#### MATERIAL PROVIDED:
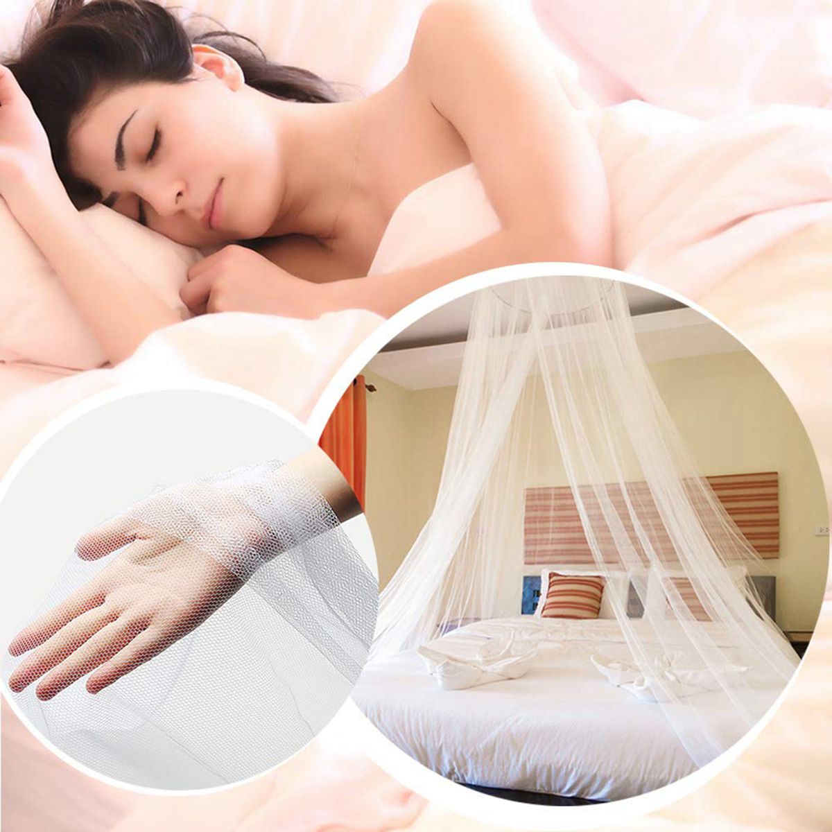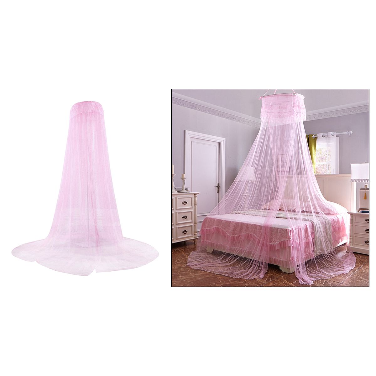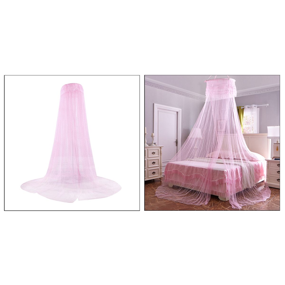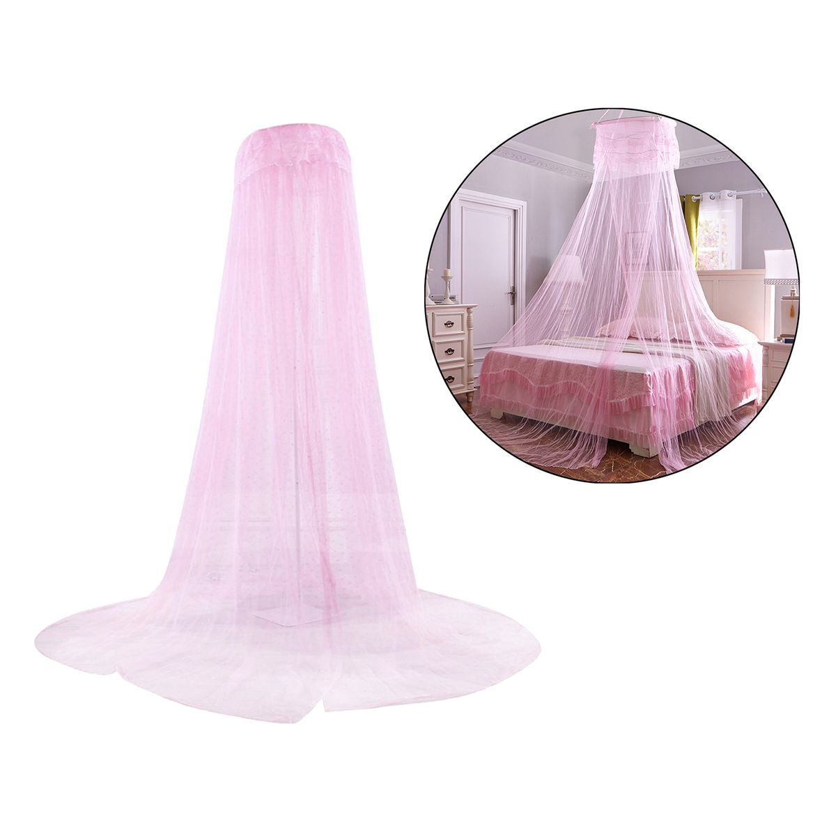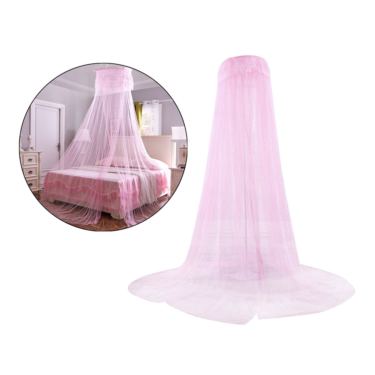 Generous Size: Our bed canopy, which measures 60x260x900cm/2x8.5x30ft (circle diameter*height*hem length), is large enough to fit kinds of beds from single to king size and so on. can easily protect you and your family.Made from polyester material, lightweight and portable. breathable and allow the air to circulate. provides you comfortable sleeping.The round dome design and the draped effect makes it a romantic deco for bedroom. can also be used outdoors to keep the nasty insects outside.With a strong suction cup, hook and screws, easier to install.Note: Can be used when the height from the bed surface to the roof is greater than 2 meters.
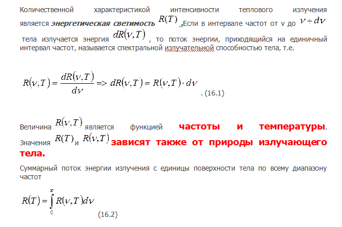 Излучательная способность является сложной функцией, зависящей от природы излучающего тела, его температуры, состояния поверхности, а для металлов от степени окисления поверхности.
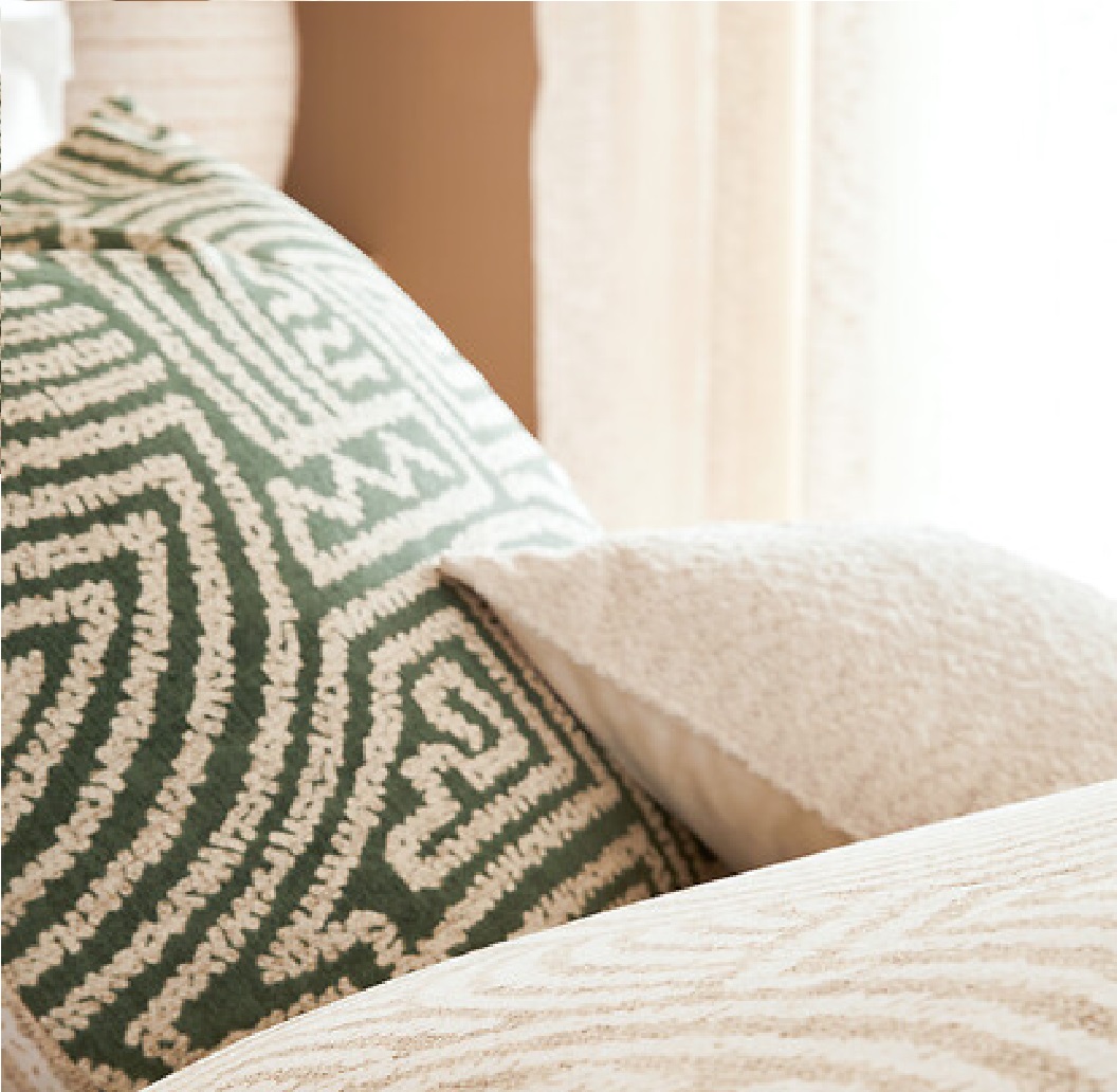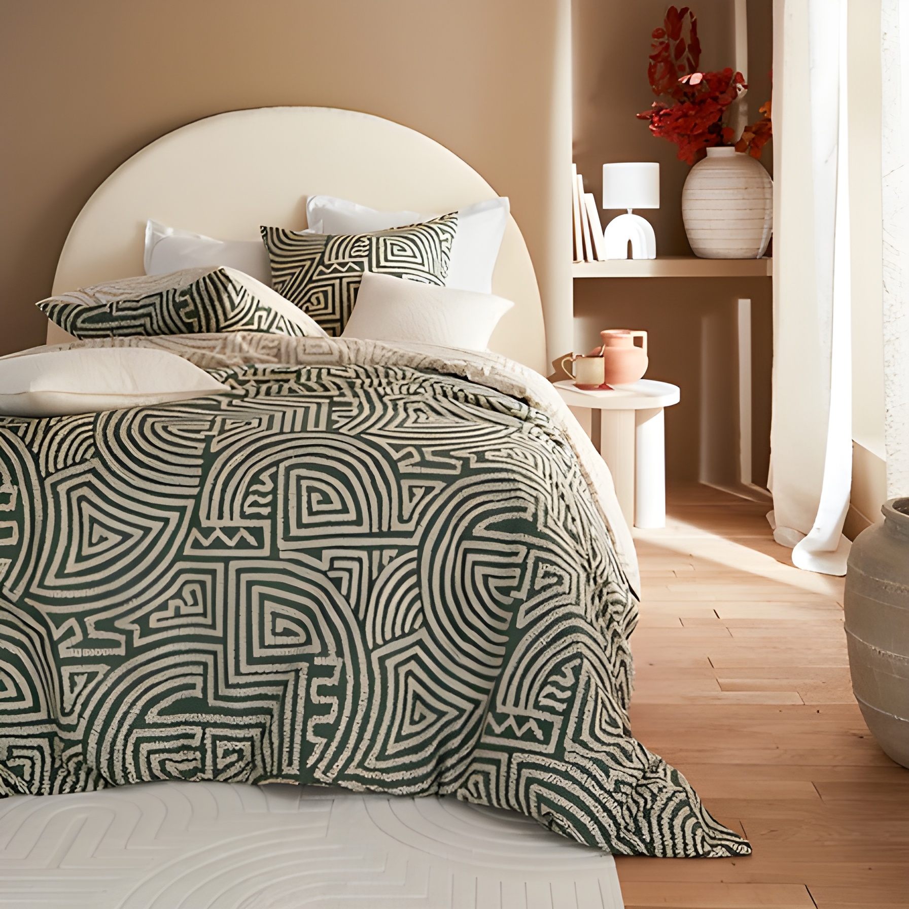 Apportez une touche graphique et élégante à votre chambre avec cette parure de lit réversible. Le recto présente un motif géométrique vert profond sur fond écru, tandis que le verso inverse les couleurs pour un style plus doux et lumineux.

#### PROBLEM TO SOLVE:
With every picture omitted, write out the material exactly from its first line through the line containing "Излучательная способность является".

#### ANSWER:
 Generous Size: Our bed canopy, which measures 60x260x900cm/2x8.5x30ft (circle diameter*height*hem length), is large enough to fit kinds of beds from single to king size and so on. can easily protect you and your family.Made from polyester material, lightweight and portable. breathable and allow the air to circulate. provides you comfortable sleeping.The round dome design and the draped effect makes it a romantic deco for bedroom. can also be used outdoors to keep the nasty insects outside.With a strong suction cup, hook and screws, easier to install.Note: Can be used when the height from the bed surface to the roof is greater than 2 meters.
 Излучательная способность является сложной функцией, зависящей от природы излучающего тела, его температуры, состояния поверхности, а для металлов от степени окисления поверхности.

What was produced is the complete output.